Nestes cinco anos, muitos outros projetos saíram do papel, como o jardim biodiverso, também chamado do “jardim da vovó” porque reúne flores, ervas e temperos, idealizado com mudas trazidas de casa pelos alunos. Tem ainda um parque de pneus coloridos para recreação e uma composteira, que gera todo o adubo necessário para a manutenção das hortas e jardins. E mais: captação de água da chuva, que serve para lavar as calçadas e a sensacional Casamática, um espaço para leitura concebido com garrafas pet’s e coberto com caixas de leite vazias. A ideia surgiu dos próprios alunos que queriam um local para ler, além da biblioteca. Virou realidade depois de explorados muitos conhecimentos de matemática – daí o nome. “Cada ação dos alunos gera empoderamento. O jardim, a horta, o espaço para leitura não são da escola, são deles”, reforça Jeane.
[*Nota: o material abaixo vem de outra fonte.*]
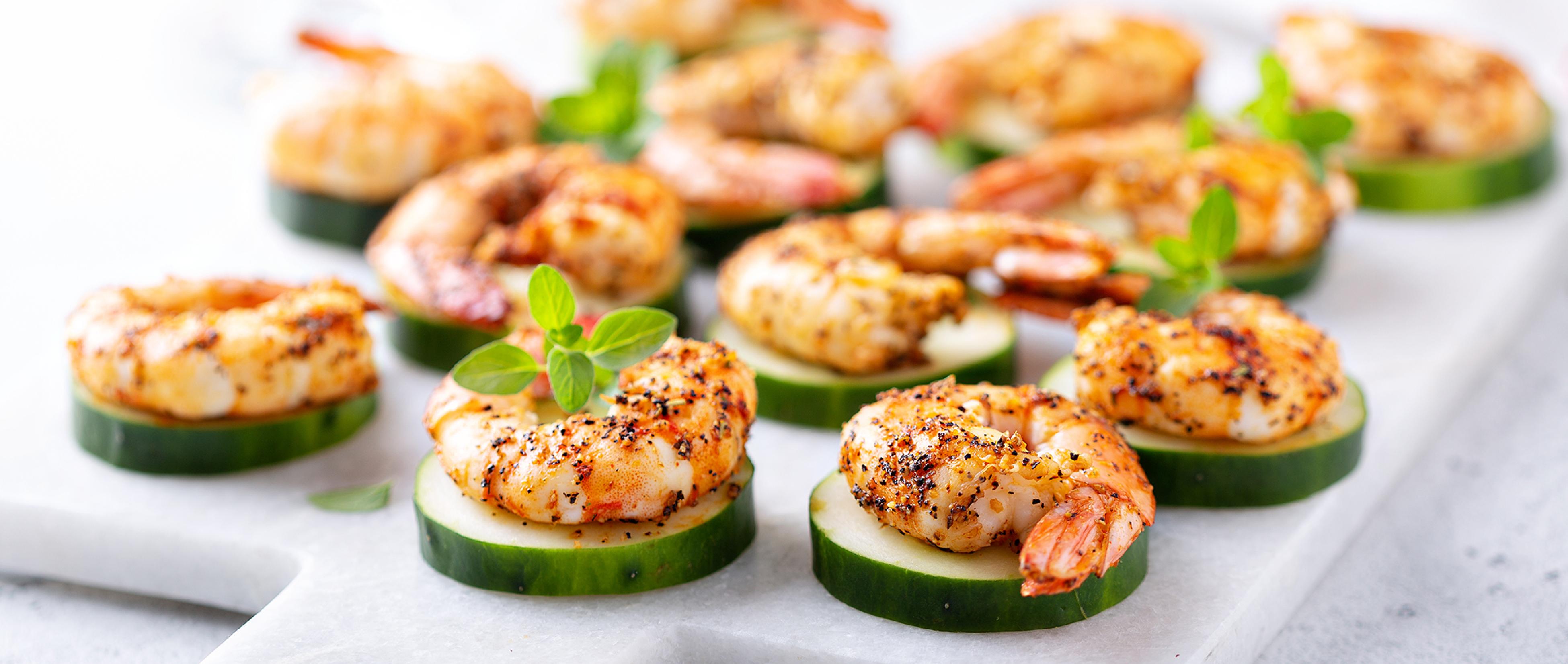 Komkommertoastjes met spicy shrimp

E a natureza retribui a cada estação. Cruzando em direção ao ginásio e à sala de música, avista-se do alto e de longe uma grande mandala verde. É a horta em formato circular criada em 2013, que produz muitas verduras para a merenda. Começou como uma maquete em sala. O grande desafio dos alunos foi transferir o que foi construído pequeno para o grande terreno. Para tanto, criaram um compasso gigante, que ajudou dar vida à horta. O reconhecimento externo veio logo depois, numa Feira de Matemática.

Além da escola
“Um dos objetivos é que o conhecimento ultrapasse os muros da escola e chegue na comunidade, e depois na cidade, e mais e mais longe. E o que se percebe, na prática, é que o aluno transfere a vivência da escola para a família”, afirma a Diretora.
Pâmela Alves, de 13 anos, estudante da 7º ano, confirma: “Levo os conhecimentos daqui para casa e hoje já temos composteira. Também incentivei um tio a fazer uma na casa dele. Quando vejo alguém jogar lixo no chão, eu recolho e falo com a pessoa”. Pâmela é uma das integrantes da COM- VIDA – Comissão de Meio Ambiente e Qualidade de Vida, que foca estes temas na escola.
Roselete Pasold, mãe do aluno Christian, que cursa o 9º ano, reconhece que o trabalho da escola chegou de forma positiva na sua casa. “Hoje reciclamos de forma diferente porque meu filho nos mostrou o ciclo da reciclagem, o que acontece depois que o lixo sai da nossa casa. Com isso, melhoramos a separação. Garrafas plásticas, por exemplo, não ficam com papeis. Há uma mudança de postura dele e nossa em relação ao meio ambiente”.

Além das fronteiras
Todo este trabalho rendeu um reconhecimento internacional à escola, que recebeu o certificado de Escola Criativa e passou a integrar o restrito grupo de apenas quatro no Brasil com o título. O documento é concedido pela Rede Internacional de Escolas Criativas (RIEC), com sede na Universidade de Barcelona, na Espanha, e reconhece o potencial inovador e criativo da escola do século 21. “Uma aluna da Furb estava fazendo o seu trabalho de conclusão de curso sobre escolas criativas. Fez uma avaliação de dez critérios na Visconde de Taunay e o resultado foi ótimo. “Para ser reconhecida, a entidade avaliada tem que alcançar, no mínimo, a nota 6,5. Ficamos com uma nota entre 8,5 e 9,0”, explica Jeane. Este prêmio marcou um novo período na escola, que a partir de 2013 contou com quatro professores participando de um curso de dois anos em Ecoformação e Biodiversidade, parte do programa Novos Talentos da Capes (Coordenação de Aperfeiçoamento de Pessoal de Nível Superior ), na Univeridade de Blumenau, a Furb. A escola também é tema de um capítulo do livro Novos Talentos – Processos Educativos em Ecoformação e teve a honra de receber a visita de Saturnino de La Torre, em 2013, co-fundador da RIEC.